Exercise data:
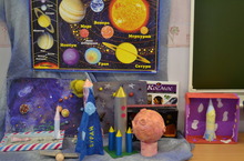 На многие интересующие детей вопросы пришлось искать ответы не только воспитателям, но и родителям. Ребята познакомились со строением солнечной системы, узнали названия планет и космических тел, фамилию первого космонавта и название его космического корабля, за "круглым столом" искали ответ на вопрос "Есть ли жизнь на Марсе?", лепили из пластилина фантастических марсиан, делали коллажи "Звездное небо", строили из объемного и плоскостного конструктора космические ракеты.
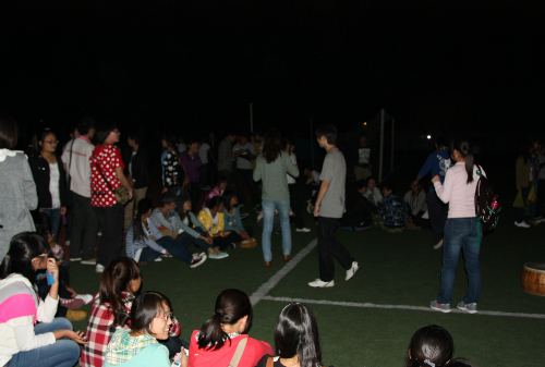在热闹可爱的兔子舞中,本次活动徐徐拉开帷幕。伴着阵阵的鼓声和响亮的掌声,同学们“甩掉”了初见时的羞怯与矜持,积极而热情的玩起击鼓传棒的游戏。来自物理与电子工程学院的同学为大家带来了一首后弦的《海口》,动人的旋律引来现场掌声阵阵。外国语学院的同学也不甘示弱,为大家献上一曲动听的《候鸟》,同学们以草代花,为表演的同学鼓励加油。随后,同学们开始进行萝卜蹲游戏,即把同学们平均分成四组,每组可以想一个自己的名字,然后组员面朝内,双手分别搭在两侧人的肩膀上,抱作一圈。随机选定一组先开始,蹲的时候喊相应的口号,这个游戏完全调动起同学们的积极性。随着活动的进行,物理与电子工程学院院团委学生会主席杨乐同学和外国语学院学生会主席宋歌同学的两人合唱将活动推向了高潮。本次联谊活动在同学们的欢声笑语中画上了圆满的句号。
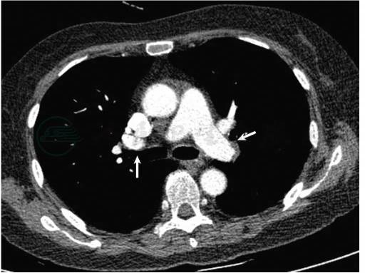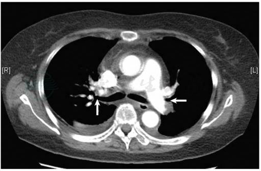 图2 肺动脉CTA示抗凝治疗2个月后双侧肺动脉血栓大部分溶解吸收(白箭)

Task to complete:
Word for word, write out the whole listing, keeping none of the pictures.

The completed task:
 На многие интересующие детей вопросы пришлось искать ответы не только воспитателям, но и родителям. Ребята познакомились со строением солнечной системы, узнали названия планет и космических тел, фамилию первого космонавта и название его космического корабля, за "круглым столом" искали ответ на вопрос "Есть ли жизнь на Марсе?", лепили из пластилина фантастических марсиан, делали коллажи "Звездное небо", строили из объемного и плоскостного конструктора космические ракеты.
在热闹可爱的兔子舞中,本次活动徐徐拉开帷幕。伴着阵阵的鼓声和响亮的掌声,同学们“甩掉”了初见时的羞怯与矜持,积极而热情的玩起击鼓传棒的游戏。来自物理与电子工程学院的同学为大家带来了一首后弦的《海口》,动人的旋律引来现场掌声阵阵。外国语学院的同学也不甘示弱,为大家献上一曲动听的《候鸟》,同学们以草代花,为表演的同学鼓励加油。随后,同学们开始进行萝卜蹲游戏,即把同学们平均分成四组,每组可以想一个自己的名字,然后组员面朝内,双手分别搭在两侧人的肩膀上,抱作一圈。随机选定一组先开始,蹲的时候喊相应的口号,这个游戏完全调动起同学们的积极性。随着活动的进行,物理与电子工程学院院团委学生会主席杨乐同学和外国语学院学生会主席宋歌同学的两人合唱将活动推向了高潮。本次联谊活动在同学们的欢声笑语中画上了圆满的句号。
 图2 肺动脉CTA示抗凝治疗2个月后双侧肺动脉血栓大部分溶解吸收(白箭)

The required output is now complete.